Kinase Assay: Enzyme reactions are performed in a total volume of 0.1 mL containing 25 mM Hepes (pH 7.4), 5 mM MgCl2, 2 mM MnCl2, 50 μM sodium vanadate, 0.5 to 1.0 ng of enzyme (which also contains enough EGF to make the final concentrations 2 μg/mL), 10 μM ATP containing 1 μCi of [32P]ATP, varying concentrations of PD153035, and 200 μM of a substrate peptide based on a portion of phospholipase C-γl having the sequence Lys-His-Lys-Lys-Leu-Ala-Glu-Gly-Ser-Ala-Tyr472-Glu-Glu-Val.
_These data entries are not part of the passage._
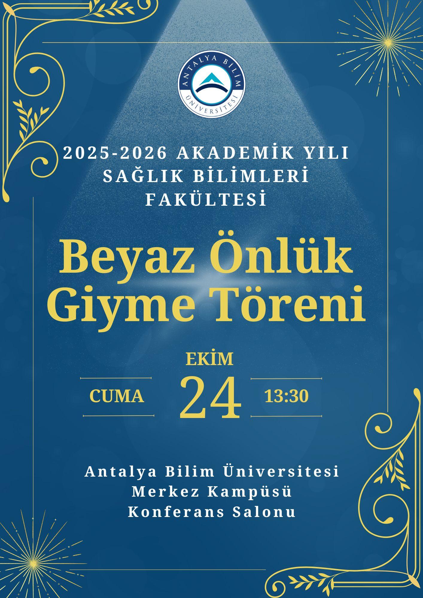Antalya Bilim Üniversitesi Sağlık Bilimleri Fakültesi olarak, öğrencilerimizin meslek yaşamlarına attıkları ilk adımı simgeleyen “Beyaz Önlük Giyme Töreni”ni gerçekleştireceğiz.
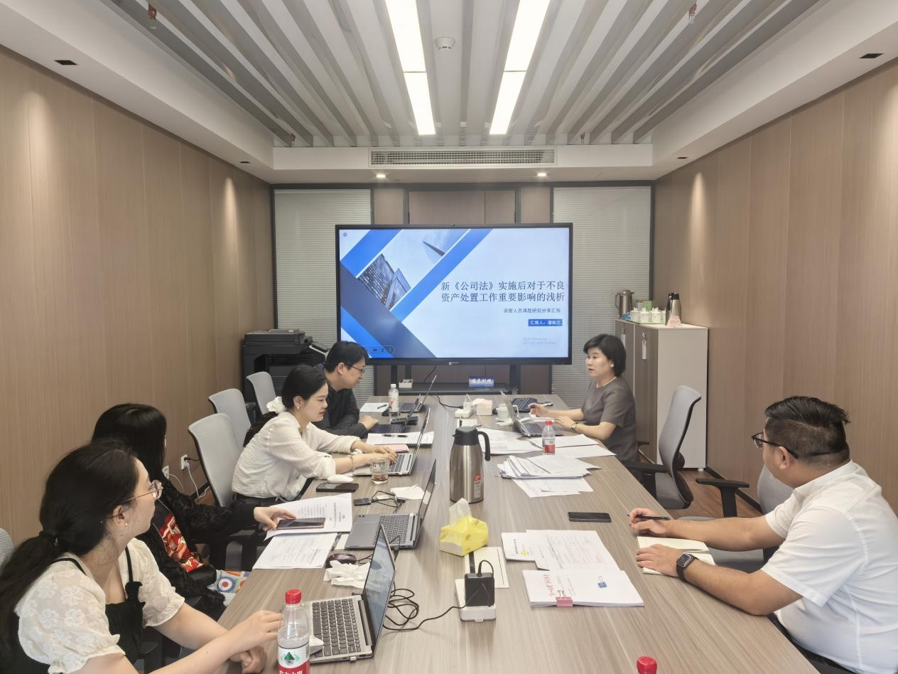 “AMC小課堂”首期課程圍繞“新《公司法》實施對不良資產處置工作的重大影響”進行解析,深入探討新法下公司治理結構變化、股東權利義務調整、清算注銷規則更新等對債權追索、資產處置路徑帶來的深刻變革與應對策略。公司全體人員參加本次課程培訓。
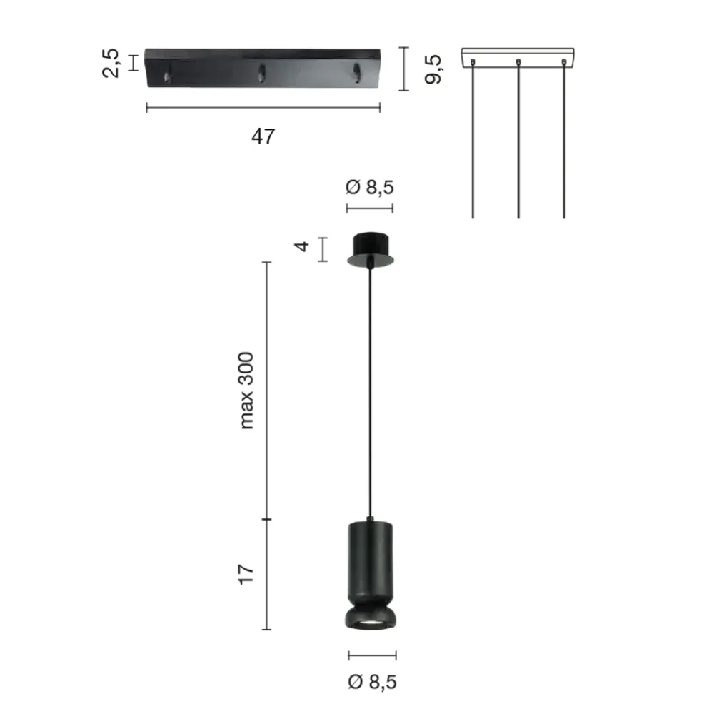 - Sockel in der Decke: Länge 47 cm x Tiefe 9,5 cm x Höhe 2,5 cm

The reaction is initiated by the addition of ATP. After 10 minutes at room temperature, the reaction is terminated by addition of 2 mL of 75 mM phosphoric acid, and the solution is passed through a 2.5-cm phosphocellulose filter disk that binds the peptide. The filter is washed five times with 75 mM phosphoric acid and placed in a vial with 5 mL of scintillation fluid. The uninhibited control activity produces approximately 100,000 cpm.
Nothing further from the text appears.